**EXERCISE AIM**
Retype the data below exactly; skip every image.

**SOURCE DATA**
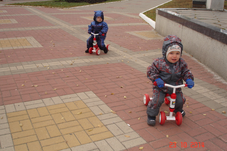 а это мы сегодня гуляли,было -1,обновили костюмчики и прогуляли беговелы))
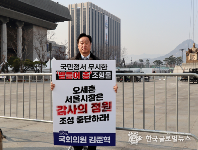 (한국글로벌뉴스 -박소연 기자) 더불어민주당 김준혁 국회의원이 오세훈 서울시장의 광화문 ‘감사의 정원’ 조성 사업 강행을 비판하며 기자회견과 1인 시위를 진행했다.
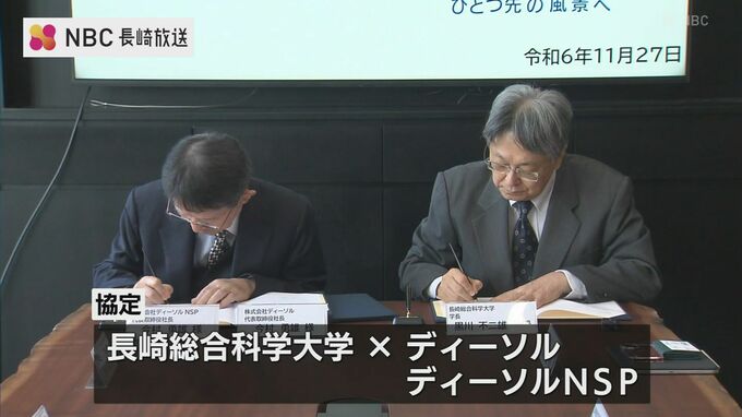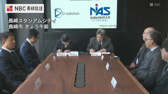 長崎総合科学大学と協定を結んだのは人工知能などを扱う東京のディーソルと、グループ会社で長崎スタジアムシティ内にある ディーソルNSPです。

**RESPONSE BELOW**
 а это мы сегодня гуляли,было -1,обновили костюмчики и прогуляли беговелы))
 (한국글로벌뉴스 -박소연 기자) 더불어민주당 김준혁 국회의원이 오세훈 서울시장의 광화문 ‘감사의 정원’ 조성 사업 강행을 비판하며 기자회견과 1인 시위를 진행했다.
 長崎総合科学大学と協定を結んだのは人工知能などを扱う東京のディーソルと、グループ会社で長崎スタジアムシティ内にある ディーソルNSPです。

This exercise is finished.